Cristi_Radan · September 15, 2020, 12:47pm

Hello,

I’m trying to understand how setting FCV on a sharded cluster works. Taking as an example version 4.0.
According to the documentation setting new FCV on a shared cluster is being done through a mongos instance.
I tried to check the code and found the following workflow:

FCV is triggered on mongos : mongo/cluster_set_feature_compatibility_version_cmd.cpp at 91e3352a1aa717674575fce3cc6edb2f279a4479 · mongodb/mongo · GitHub
mongos sends the command to config servers: mongo/cluster_set_feature_compatibility_version_cmd.cpp at 91e3352a1aa717674575fce3cc6edb2f279a4479 · mongodb/mongo · GitHub
config replicaset executes mongo/set_feature_compatibility_version_command.cpp at v4.0 · mongodb/mongo · GitHub
it does that through the block dedicated to config server: mongo/set_feature_compatibility_version_command.cpp at v4.0 · mongodb/mongo · GitHub
Within this block config will update to new FCV and trigger upgradeChunksHistory for each collection.
It will trigger the upgrade of FCV on each shard: mongo/set_feature_compatibility_version_command.cpp at v4.0 · mongodb/mongo · GitHub.
setting FCV on config replicaset.
===============================
As I understand from the above FCV is set on config replicaset after it was set on all shards.
Locks, at least in version 4.0 seem to be set only at individual replicaset level, correct?
Is this correct flow in case of a sharded cluster?

Thank you,
Cristian

Joe_Drumgoole · September 16, 2020, 4:33pm

Hi Cristian, why is important to know this. This is the kind of internal detail that is likely to change in future versions of MongoDB and shouldn’t make a difference to end users?

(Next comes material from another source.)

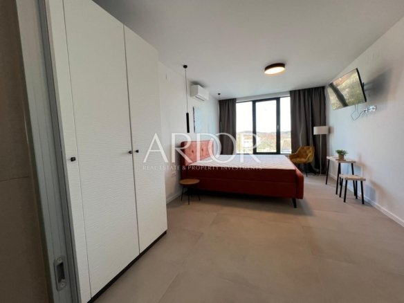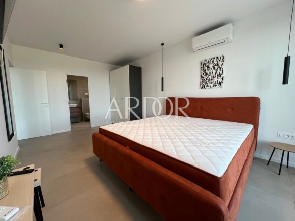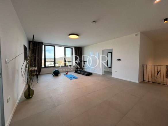 Na katu su smještene dvije luksuzne spavaće sobe, svaka s privatnom kupaonicom, osiguravajući maksimalnu udobnost. Dodatni prostor na katu trenutno se koristi kao prostorija za vježbanje, ali se lako može prilagoditi prema željama budućih vlasnika.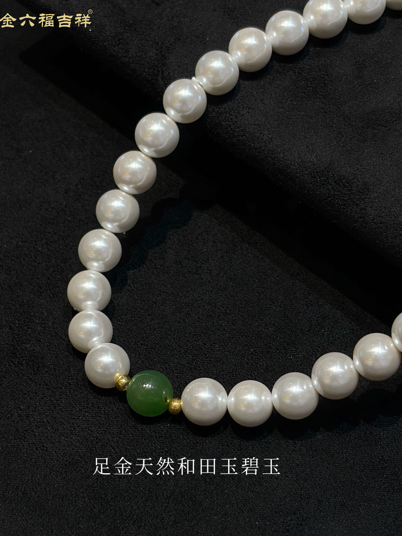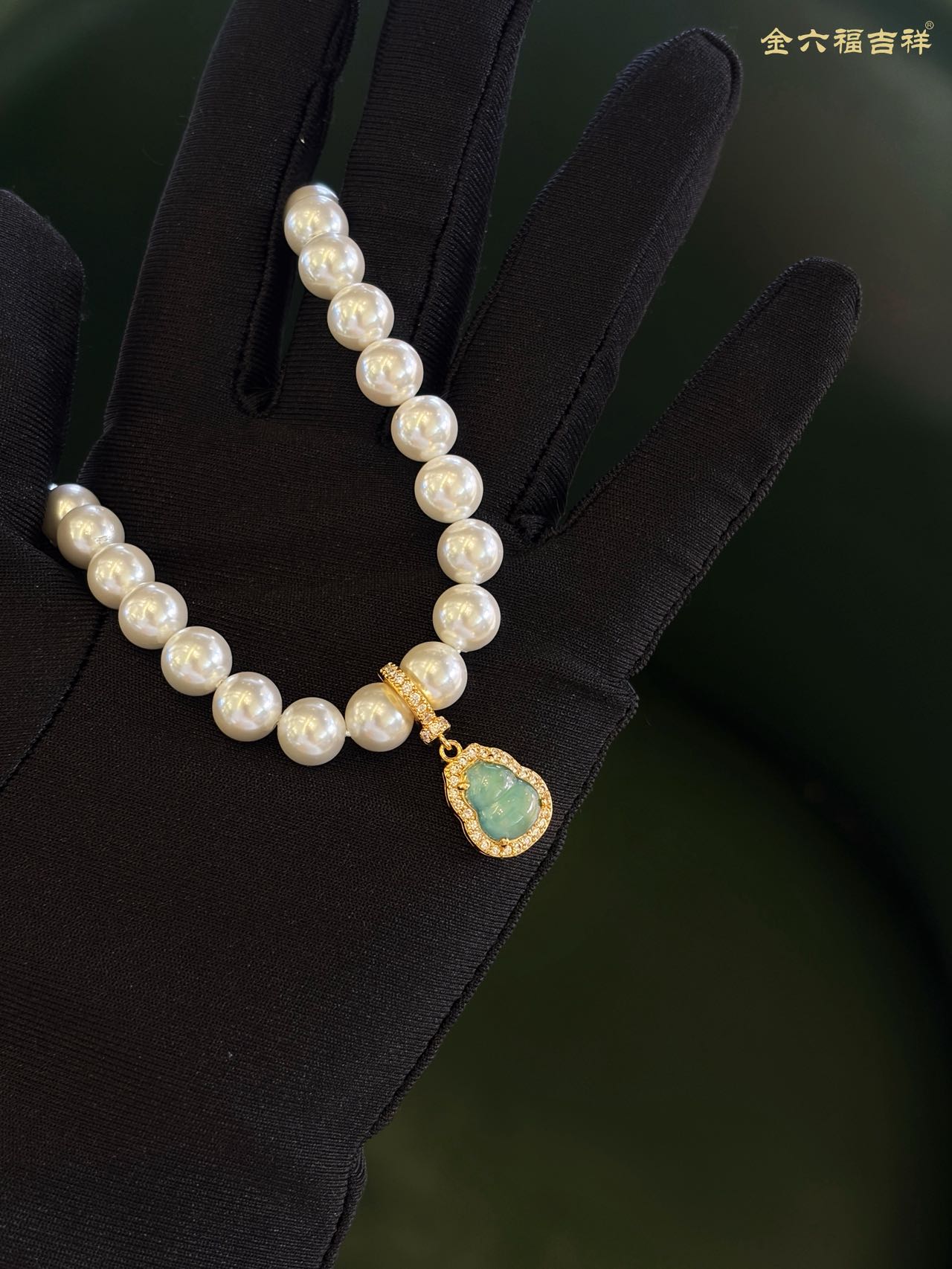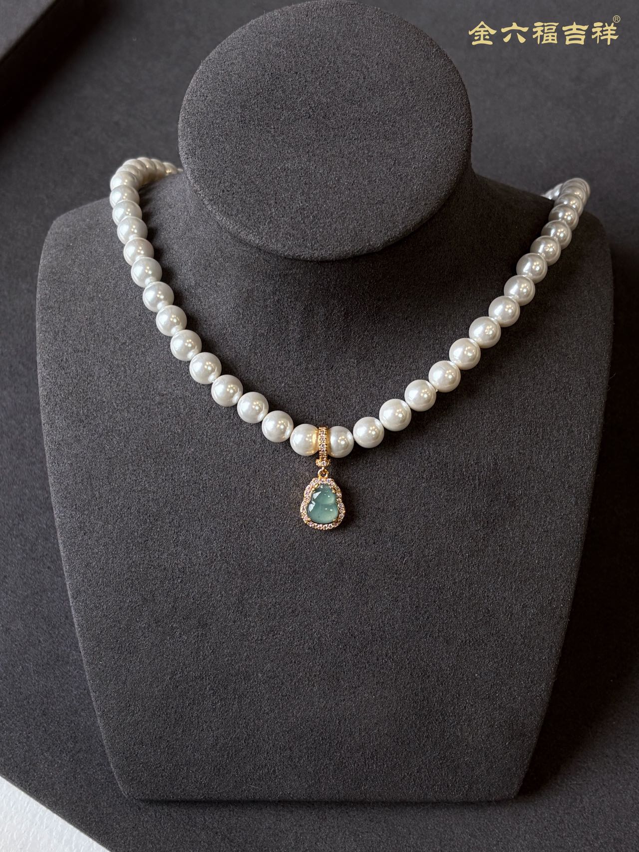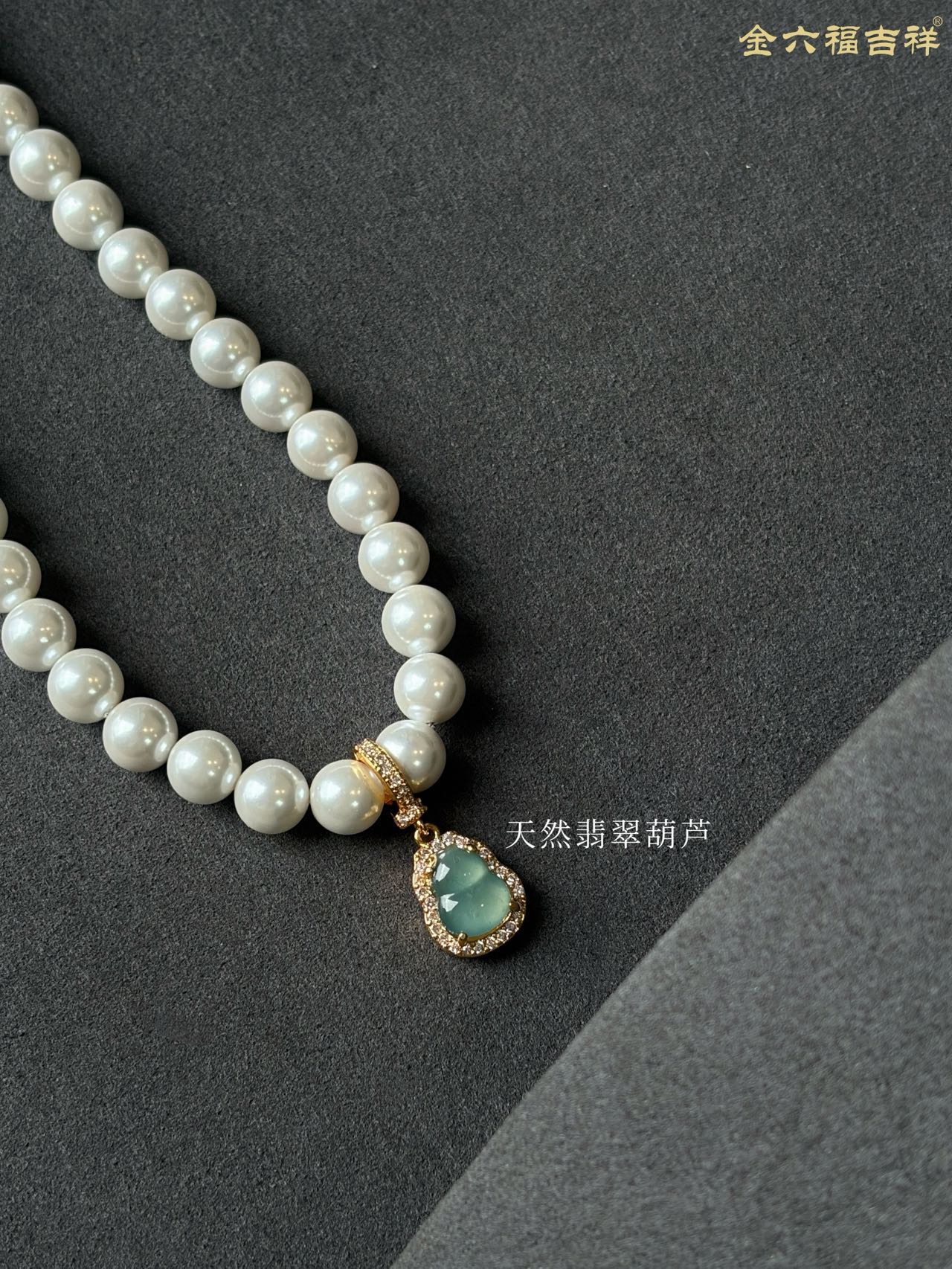 【母亲节礼物】金六福吉祥 足金和田玉澄波贝影项链/天然翡翠葫芦深海幻光项链

Cristi_Radan · September 22, 2020, 9:39am

Hi ,

Sorry for the late reply, I’ll try to give some context on why we’re interested how this works, especially for 4.0.
We have some very large clusters in PROD (over 20 shards / multiple databases and collections / config database having over 1M documents) . We’ve observed impact during setting FCV to 4.0 on such a cluster while the whole cluster “freezes” when cache chunks are refreshed on each shard.
I think that understanding this process, would help us seek/find a way to do this with minimum impact on the overall cluster. I hope to understand what would be the factors that can cause impact when setting FCV.

Thank you,
Cristian

Joe_Drumgoole · September 22, 2020, 10:20am

Hi Cristian, you should raise a SERVER ticket on jira.mongodb.org. Our core engineering team may have some answers.

Cristi_Radan · September 22, 2020, 10:48am

Thank you Joe.
I will do that.

Best Regards,
Cristian